Haiti Action | 26.01.2008 19:08 | Globalisation | Repression | Social Struggles | London | World

Acclaimed actress Vanessa Redgrave joins a growing list of prominent people worldwide who have expressed concerned with the safe return of Lovinsky Pierre-Antoine, the missing human rights activist kidnapped in Haiti on 12 August 2007 after meeting with a visiting US human rights delegation.

Others include: actors Danny Glover, Martin Sheen and Andrew Lincoln ('This Life'), playwright John Arden, poets Benjamin Zephaniah and Linton Kwesi Johnson, writer George Lamming, Claudette Werleigh (secretary of Pax Christi International and former Prime Minister of Haiti), Tony Benn, Bruce Kent (Pax Christi International), Canon Nicholas Sagovsky, journalist Andrew Gilligan, Madaraka Nyerere (son of Julius Nyerere, Tanzania's former President),

Michelle Pierre-Antoine, Mr Pierre-Antoine's wife, his sons, family members and colleagues, and concerned people and organisations around the world, are increasing pressure for his immediate safe return.

Amnesty International has issued an urgent report about the safety of Lovinksy as well as his close colleague, Wilson Mésilien. Mr Mésilien, who has been co-ordinating Fondasyon Trant Septanm (30 September Foundation) in Mr Pierre-Antoine's absence, has been forced underground after receiving death threats and narrowly escaping abduction. There is increasing concern that members of that organisation are being targeted.

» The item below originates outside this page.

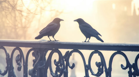 Two intelligent crows perch on an ornate railing, facing each other in a quiet moment. A soft morning mist surrounds them, creating a dreamy urban atmosphere.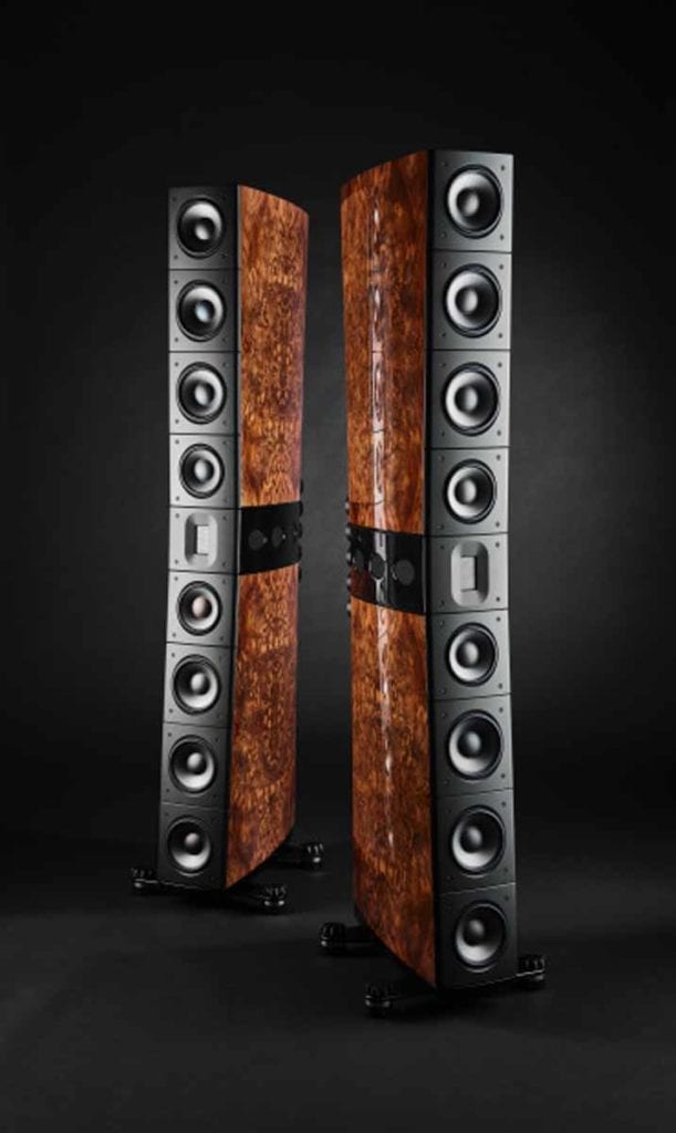 The new 8MM Audiolab LINGA speakers have two-metre tall cabinets and feature an updated OS horn waveguide, ten ultra-low distortion drivers and a passive crossover.

The petition for Lovinsky Pierre-Antoine has gathered nearly 1,800 signatures that include many prominent people.

Prayers and services for Mr Pierre-Antoine continue to be held in UK churches. MP John McDonnell's Early Day Motion for his release is circulating in Parliament. Fasts and Vigils have taken place in Guyana outside the headquarters of CARICOM (the Caribbean Community Secretariat), and weekly outside the Brazilian embassies in Barcelona and London. Vigils in Los Angeles and San Francisco have also appealed to the Brazilian authorities as Brazil heads the UN forces in Haiti which are responsible for law and order.

Lovinsky Pierre-Antoine is important to people everywhere who care about Haiti and who acknowledge our enormous debt to the Haitian people. Their 1804 revolution overthrew the most powerful empire of the time, the first victory in the struggle to end slavery in the Americas. This strengthened everyone resisting exploitation and injustice. Haiti directly aided South American liberator Simon Bolivar. Yet this enormous contribution to human liberation is hardly credited.

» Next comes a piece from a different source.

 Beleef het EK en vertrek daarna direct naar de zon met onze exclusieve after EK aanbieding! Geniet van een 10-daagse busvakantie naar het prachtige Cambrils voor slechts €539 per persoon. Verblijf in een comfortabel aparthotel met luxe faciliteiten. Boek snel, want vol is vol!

Selma James, co-ordinator the Global Women's Strike, widow and close colleague of CLR James, will be speaking in London at a conference marking the 70th anniversary of The Black Jacobins, James's classic study of the Haitian Revolution. Ms James who has been taking part in the weekly Fast & Vigil commented: "We have an obligation to Lovinsky. We can't just stand by. We have to ask the Commissioner for Human Rights and Forced Disappearances of the United Nations to take action. What is Brazil, which heads the UN forces in Haiti, doing? What is the United States doing? It has enormous power. It was quick to go in and force President Aristide's government out. Let us ask them what they are doing now to find Lovinsky with the great resources that they have always had at their disposal. We must leave no stone unturned."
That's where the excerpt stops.